Items from a dataset
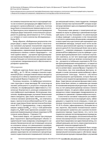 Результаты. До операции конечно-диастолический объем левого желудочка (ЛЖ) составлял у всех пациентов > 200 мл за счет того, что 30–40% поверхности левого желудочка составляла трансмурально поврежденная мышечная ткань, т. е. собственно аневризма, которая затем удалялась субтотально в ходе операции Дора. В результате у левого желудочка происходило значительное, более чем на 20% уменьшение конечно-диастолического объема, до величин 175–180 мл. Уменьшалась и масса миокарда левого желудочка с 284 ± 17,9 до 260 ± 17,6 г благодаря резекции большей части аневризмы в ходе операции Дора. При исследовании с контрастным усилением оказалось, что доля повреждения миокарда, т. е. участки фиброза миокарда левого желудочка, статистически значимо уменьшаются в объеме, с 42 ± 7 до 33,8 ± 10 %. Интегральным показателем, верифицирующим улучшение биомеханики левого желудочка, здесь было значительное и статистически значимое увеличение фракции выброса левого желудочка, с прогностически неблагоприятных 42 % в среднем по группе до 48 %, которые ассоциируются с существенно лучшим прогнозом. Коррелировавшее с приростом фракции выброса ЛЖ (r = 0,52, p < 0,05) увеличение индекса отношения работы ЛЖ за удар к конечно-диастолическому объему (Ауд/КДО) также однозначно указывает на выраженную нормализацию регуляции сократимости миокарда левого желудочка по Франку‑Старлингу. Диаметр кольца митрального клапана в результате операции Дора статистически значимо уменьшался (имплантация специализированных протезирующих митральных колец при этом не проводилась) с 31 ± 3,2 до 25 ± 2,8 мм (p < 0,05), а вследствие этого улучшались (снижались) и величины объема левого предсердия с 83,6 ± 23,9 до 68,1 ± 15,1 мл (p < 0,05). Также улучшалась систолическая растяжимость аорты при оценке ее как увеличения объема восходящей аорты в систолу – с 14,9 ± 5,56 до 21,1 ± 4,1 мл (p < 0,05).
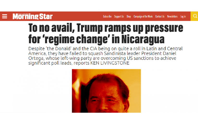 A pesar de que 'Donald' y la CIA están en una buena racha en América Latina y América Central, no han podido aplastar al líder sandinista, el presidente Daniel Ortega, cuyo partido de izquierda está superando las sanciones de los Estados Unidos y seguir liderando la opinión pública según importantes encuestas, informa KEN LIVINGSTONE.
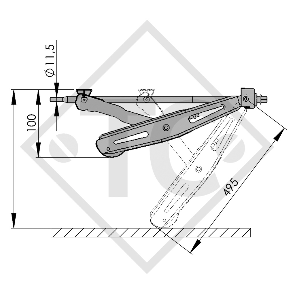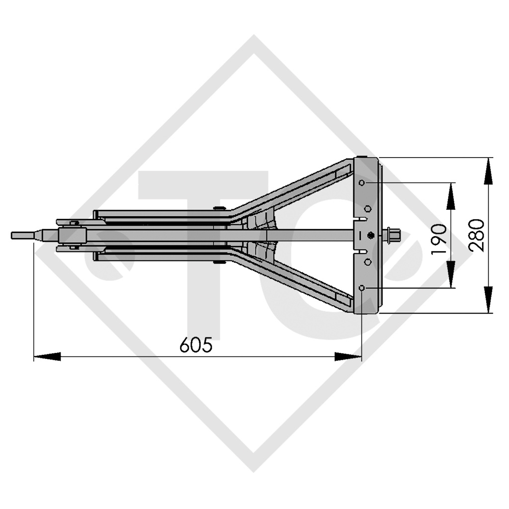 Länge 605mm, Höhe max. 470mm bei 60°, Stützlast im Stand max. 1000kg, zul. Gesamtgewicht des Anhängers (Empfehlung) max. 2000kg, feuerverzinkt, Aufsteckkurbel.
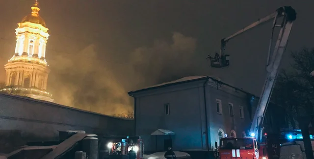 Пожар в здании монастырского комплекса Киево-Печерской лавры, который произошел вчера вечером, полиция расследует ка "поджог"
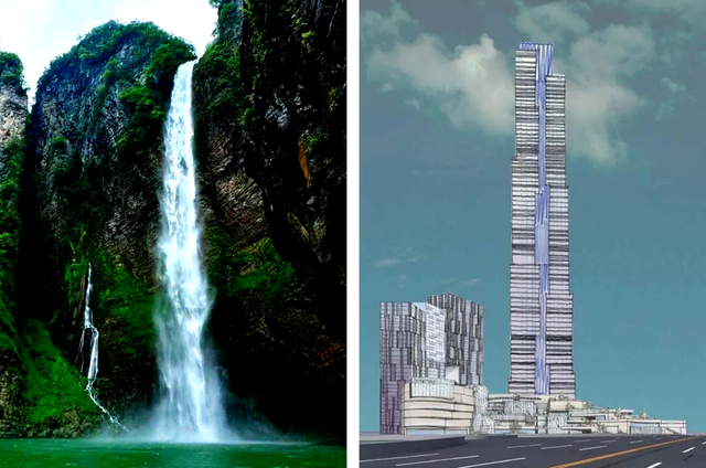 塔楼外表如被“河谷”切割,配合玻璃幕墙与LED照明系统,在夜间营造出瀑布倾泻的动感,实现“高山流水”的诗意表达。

** ABOUT THIS EXERCISE **
Skipping any pictures, copy the line that holds "Пожар в здании" and each line after it through the last line of the records, unchanged, and no other lines.

** RESPONSE **
 Пожар в здании монастырского комплекса Киево-Печерской лавры, который произошел вчера вечером, полиция расследует ка "поджог"
 塔楼外表如被“河谷”切割,配合玻璃幕墙与LED照明系统,在夜间营造出瀑布倾泻的动感,实现“高山流水”的诗意表达。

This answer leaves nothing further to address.